### Task goal
The listing below should be reproduced precisely, except for its images.

________

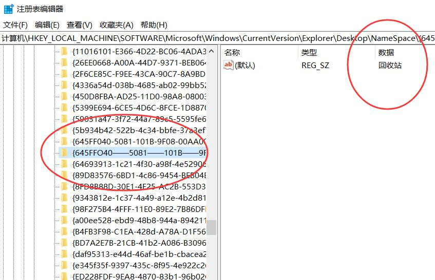 2、打开注册表,依次点击展开【HKEY_LOCAL_MACHINE\\SOFTWARE\\Microsoft\\Windows\\CurrentVersion\\Exp lorer\\Desktop\\NameSpace】,选中对应的NameSpace选项,右击选择新建” 项“ 文件, 将项值命名为” {645FFO40 — — 5081 — — 101B — — 9F08 — — 00AA002F954E}“。
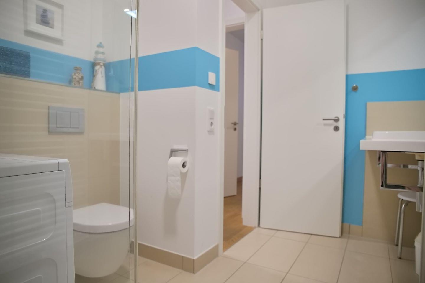 Hier finden Sie das innen liegende Duschbad mit wandhängendem WC, bodengleicher Dusche und Waschtisch. Ein Waschtrockner steht zur allein Nutzung im Bad.
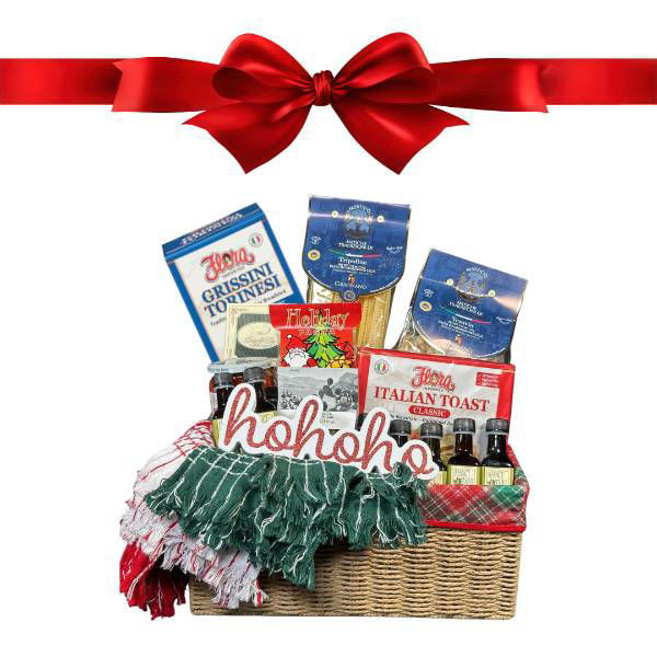 Italian Holiday Gift Basket Set of 3 Kitchen Towels 14 oz. Holiday Pasta 24 oz. Mariana Sauce 8.8 oz. Biscotti 11.5 oz. Italian Toast 4 - 100ml Gourmet EVO 4 - 100ml Gourmet BV & more
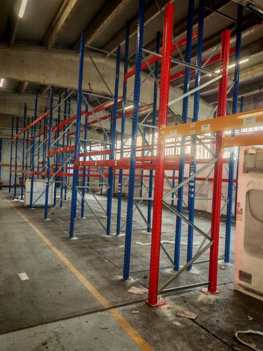 Skladišni regali za EU palete dimenzija 120x80cm, vrlo malo korišteni, kao novi. Sastoje se od 28 H elemenata 5700x1100mm, 122 poprečne grede i 28 štitnika. Posjeduju atest.
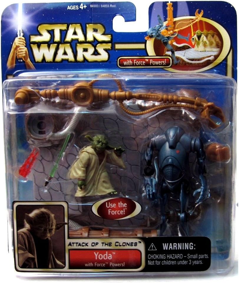 Star Wars 3.75 inch-scale action figure. Yoda with Force Powers! The oldest member of the Jedi Council, Yoda is a powerful Jedi with enormous powers. Engaged in battle against a formidable and deadly Super Battle Droid, Yoda reveals his superior skill in the Force as well as his dexterity and fighting prowess

________

### Answer box
 2、打开注册表,依次点击展开【HKEY_LOCAL_MACHINE\\SOFTWARE\\Microsoft\\Windows\\CurrentVersion\\Exp lorer\\Desktop\\NameSpace】,选中对应的NameSpace选项,右击选择新建” 项“ 文件, 将项值命名为” {645FFO40 — — 5081 — — 101B — — 9F08 — — 00AA002F954E}“。
 Hier finden Sie das innen liegende Duschbad mit wandhängendem WC, bodengleicher Dusche und Waschtisch. Ein Waschtrockner steht zur allein Nutzung im Bad.
 Italian Holiday Gift Basket Set of 3 Kitchen Towels 14 oz. Holiday Pasta 24 oz. Mariana Sauce 8.8 oz. Biscotti 11.5 oz. Italian Toast 4 - 100ml Gourmet EVO 4 - 100ml Gourmet BV & more
 Skladišni regali za EU palete dimenzija 120x80cm, vrlo malo korišteni, kao novi. Sastoje se od 28 H elemenata 5700x1100mm, 122 poprečne grede i 28 štitnika. Posjeduju atest.
 Star Wars 3.75 inch-scale action figure. Yoda with Force Powers! The oldest member of the Jedi Council, Yoda is a powerful Jedi with enormous powers. Engaged in battle against a formidable and deadly Super Battle Droid, Yoda reveals his superior skill in the Force as well as his dexterity and fighting prowess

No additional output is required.